A group at Boehringer Ingleheim has a paper out in J. Med. Chem. suggesting a simple NMR readout to see if a given compound is showing aggregation behavior. It looks useful, but there's one thing I would add to it. The authors mention that they used a simple sodium phosphate buffer for their experiments, and that similar trends were observed in others (for a "limited set of compounds"). But I've heard Tony Giannetti of Genentech speak on this subject before (with reference to his specialty, surface plasmon resonance assays), and he's been pretty adamant about how situation-dependent aggregation can be.
The Shoichet lab's "Aggregator Advisor" page agrees.
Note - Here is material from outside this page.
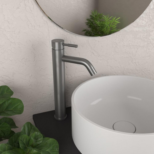 Смеситель для раковины RUSH Melos арт.SUS1101-12Grey с металлической ручкой изготовлен из нержавеющей стали SUS304 и имеет рычажное управление.
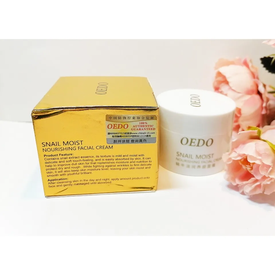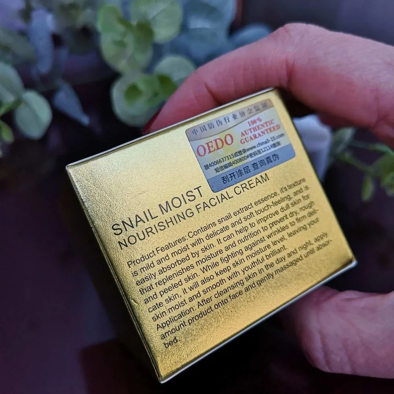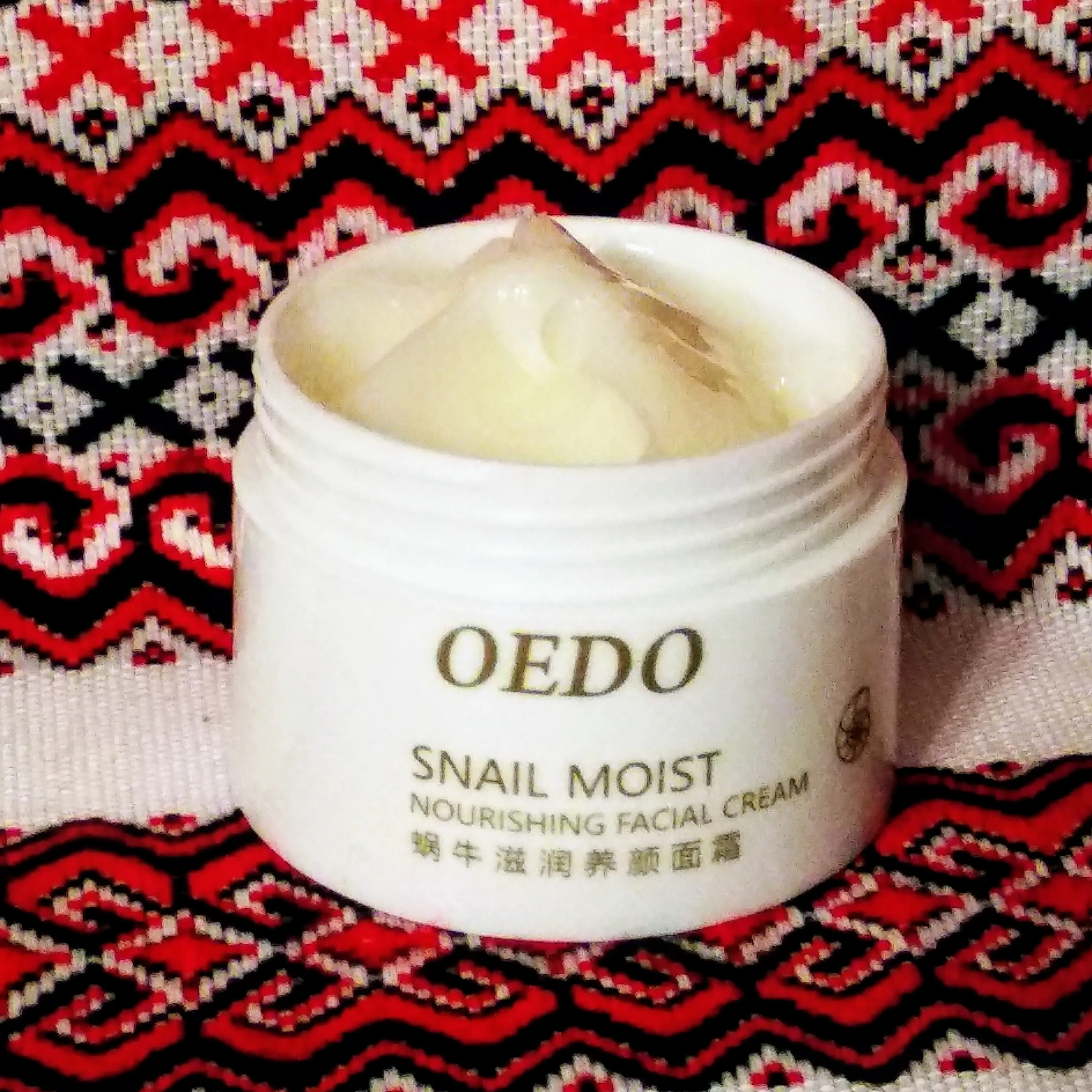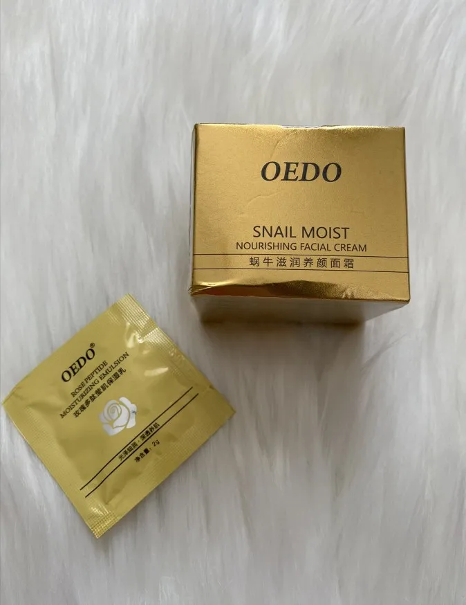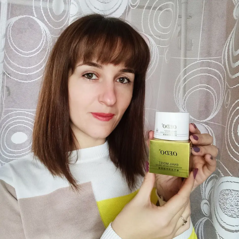 ПИТАТЕЛЬНЫЙ КРЕМ ДЛЯ ЛИЦА с экстрактом улитки от бренда #OEDO Доставка ровно месяц, трек отслеживался до получения Применение: После очищения кожи днем и ночью нанести количество продукта на лицо и мягкими массирующими движениями до впитывания. Характеристика продукта: Содержит экстракт улитки, его текстура мягкая и влажная с нежным и мягким ощущением прикосновения, легко впитывается кожей. Он может помочь улучшить тусклую кожу, пополняя ее влагой и питательными веществами, защищая сухую и грубую. Состав: вода, бутиленгликоль, глицерин, пропиленгликоль, циклометикон. Минеральное масло, полисорбат 80, сополимер акрилата натрия и акрилоилдиметилтаурата натрия, сквалан, этилгексилпальмитат, полиакриламид, изопарафин C13-14, лаурет-7, диметикон, изопропилмиристат, цетеариловый спирт, ацетилметиконилцетион, цетеариловый спирт, цетеариловый спирт, цетеарилглуэтилкетион, цетеариловый спирт Ксантановая камедь, аллантоин, феноксиэтанол, метилпарабен, пропилпарабен, ПЭГ-8, ароматизатор

My worry is that some people might read this new paper and be tempted to clean their screening sets out up front, but you could throw some useful compounds out that way. But aggregation, annoyingly, appears to be a case-by-case thing. Probably the best ways to guard against it are (1) see if your assay can be run with detergent in it to start with, and be prepared to vary the amount, and (2) take your screening hits of interest and check them out individually before you decide that you're on to something. This new NMR assay would be a good way to do that, using the buffer that your screen was run in.
Another note that comes up in all discussions of aggregators is that while many of them are condition-specific, others have a wider range. Many "frequent hitter" compounds turn out to aggregate under a variety of conditions. In that case (because you've got empirical data from your own assays), it's really worth going back and flagging those things. It would seem worthwhile to go through any screening collection and pitch out the individual compounds that show up time and time again, since these are surely less likely to lead to anything useful. Some of these will, on closer inspection, turn out to be promiscuous aggregators, but there are other mechanisms for nastiness as well. In extreme cases, whole structural motifs should be given the fishy eye.